Estamos releyendo por estas horas un libro de Zygmunt Bauman, titulado “Modernidad y holocausto”. Ese autor despliega un trabajo descomunal, en el esfuerzo de explicar que la Modernidad y su ideal de progreso y desarrollo también ha sido la responsable de engendrar holocaustos y genocidios. Bauman sostiene que las condiciones de posibilidad están dadas cuando se encuentran una serie de factores. Niveles enormes de desamparo, incertidumbre y temor, son el suelo fértil. Sin embargo, un genocidio de magnitudes como la que ha tenido el holocausto o la última dictadura cívico-eclesiástico-militar en nuestro país, responden, ocurren gracias a un plan fríamente armado, y fríamente ejecutado. No se trata únicamente de un plan de destrucción. También es un plan de creación, de creación de medios, tecnologías y mecanismos para llevarlo a cabo. No es locura ni inteligencia artificial sino inteligencia y cordura humana, lúcida, orientada en tiempo y espacio y no afectada por delirios ni alucinaciones. Bauman lo compara a la creación necesaria para que exista un jardín, hay que eliminar las hierbas malas y las plagas indeseables, para que un determinado orden social florezca y perdure: o en nombre de una raza superior, o se tratará de erradicar el terrorismo, de protegernos de la subversión. O de “extirpar un cáncer”. Puede asumir variadas formas y nobles justificaciones, pero siempre hay un plan fascista, incluso cuando se lo vista con ropajes negacionistas.

Milei y Villarroel tienen un plan y no están solos. Los dinosaurios no han desaparecido, aunque no los veamos, aunque algunos hayan muerto encarcelados y juzgados y otros sigan viviendo aún. No están solos.

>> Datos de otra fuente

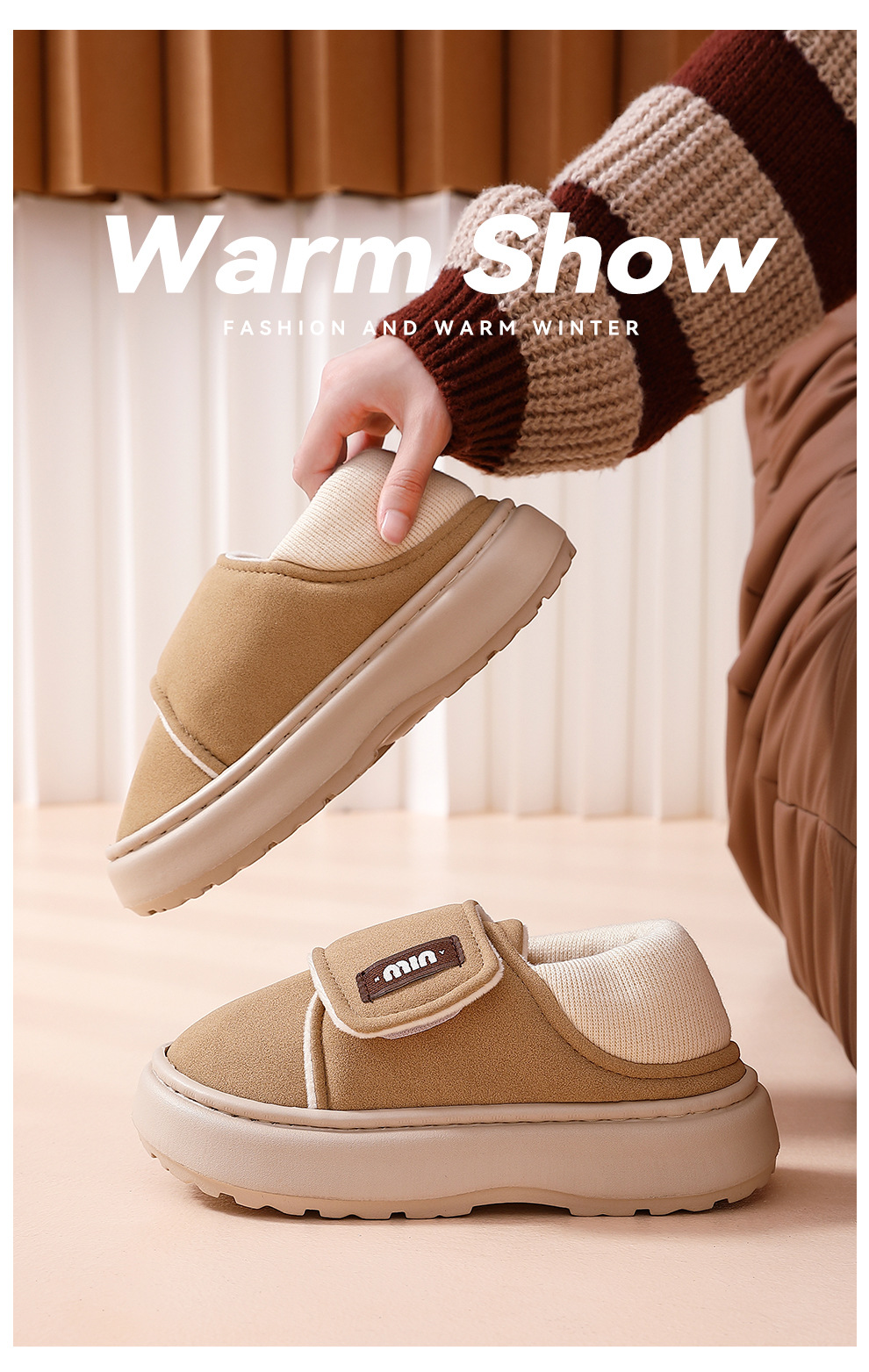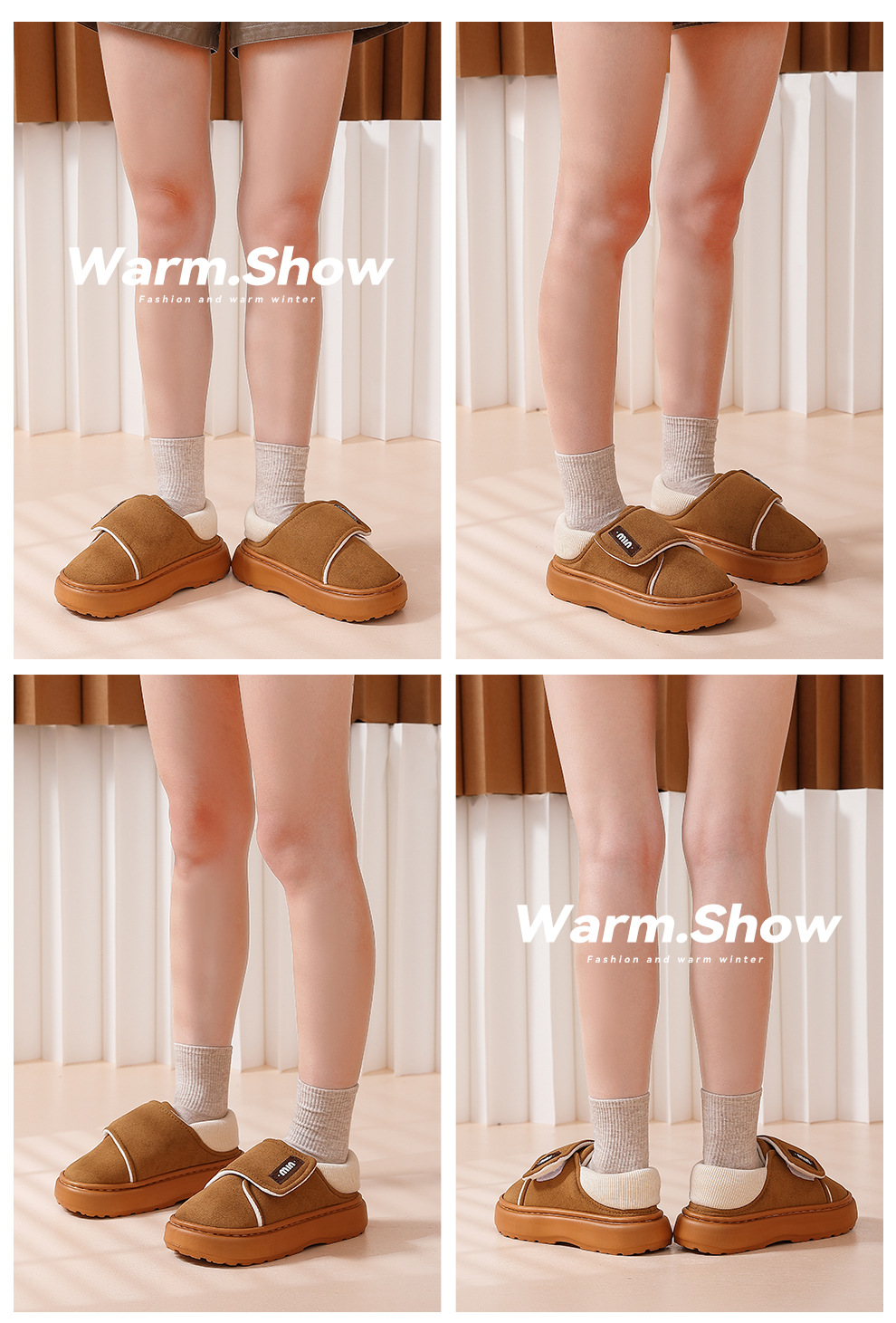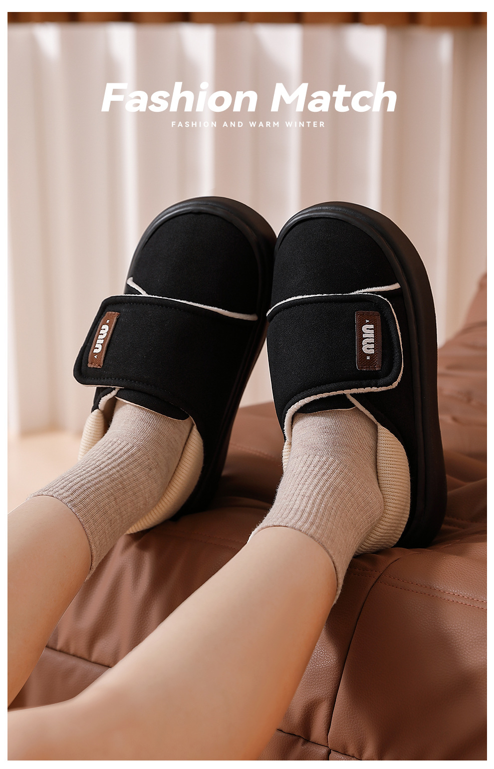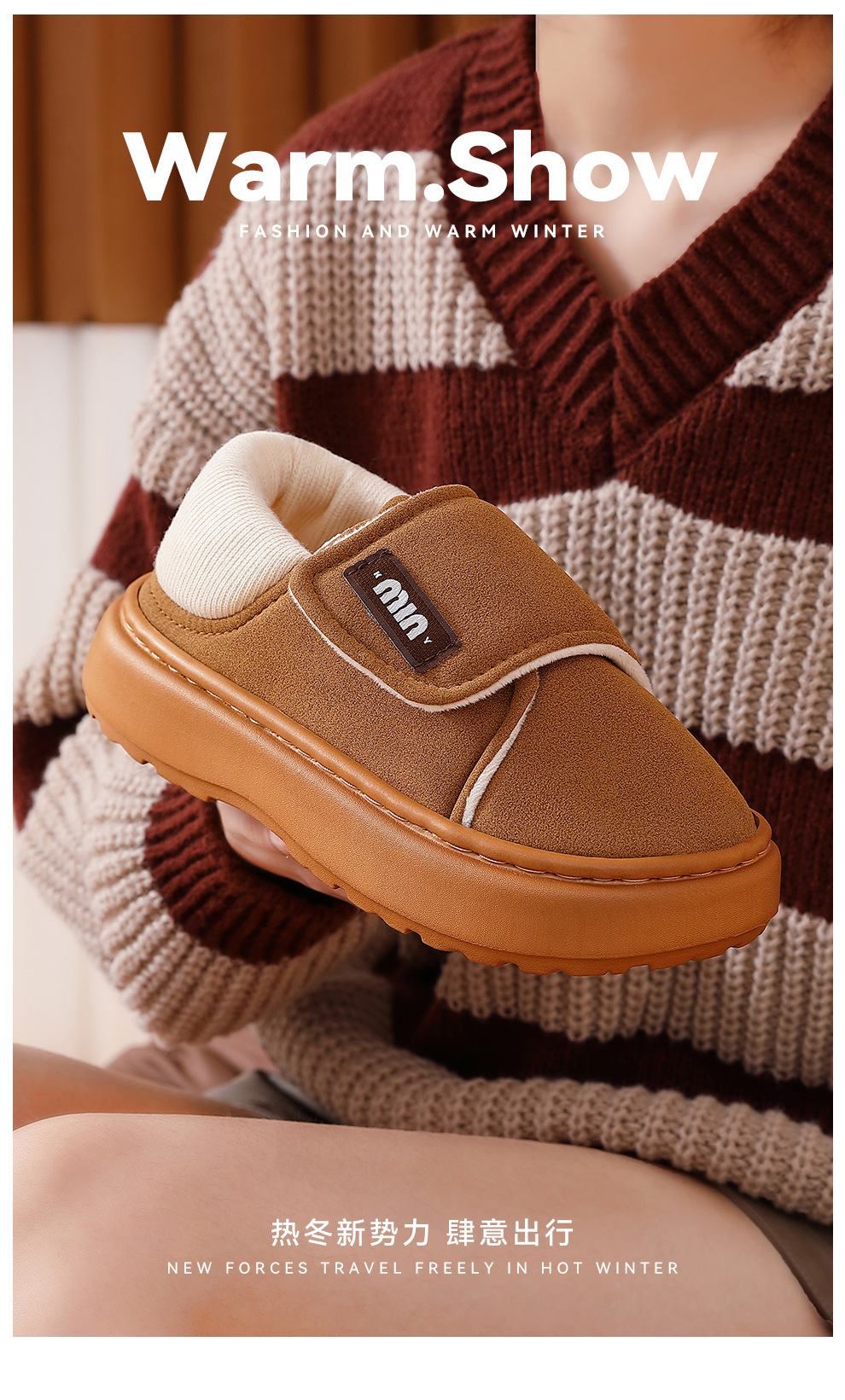 時尚女士棉鞋居家保暖月子鞋冬季室內防滑魔術貼厚底棉拖鞋女

La crueldad es una potencialidad humana común a todos nosotros. La crueldad de participar y de consentir, también la crueldad de la indiferencia.

No somos locos versus normales, ni buenos contra los malvados, ni los que amamos y los que odian. Tampoco amamos a quienes nos odian, ni necesitamos amarlos para no querer erradicarlos o borrarlos del mapa. No será ningún odio ni ninguna locura lo que esgrimamos para des-humanizarlos. Son tan humanos y mortales como nosotros, la misma materia humana nos ha conformado. Sin embargo, hay sí una fundamental diferencia: no hacemos lo mismo con nuestros amores y con nuestros odios. No hacemos lo mismo con nuestras potenciales crueldades. No nos va a salvar el amor sino el trabajo ético que enlaza nuestros sentimientos siempre conflictivos, al otro. A los otros.

La sociedad argentina entera se debate ahora entre el Nunca más y el Otra vez es posible. La desesperanza y la esperanza, el amor y el odio nos mueven, nuestros locos y genuinos sueños, nuestras utopías, también el compromiso, las batallas que queremos dar, los límites que no estamos dispuestos a perder ni a cruzar ninguna nueva vez, ni ayer, ni hoy ni mañana.

Lila María Feldman y Ana Berezin y son psicoanalistas.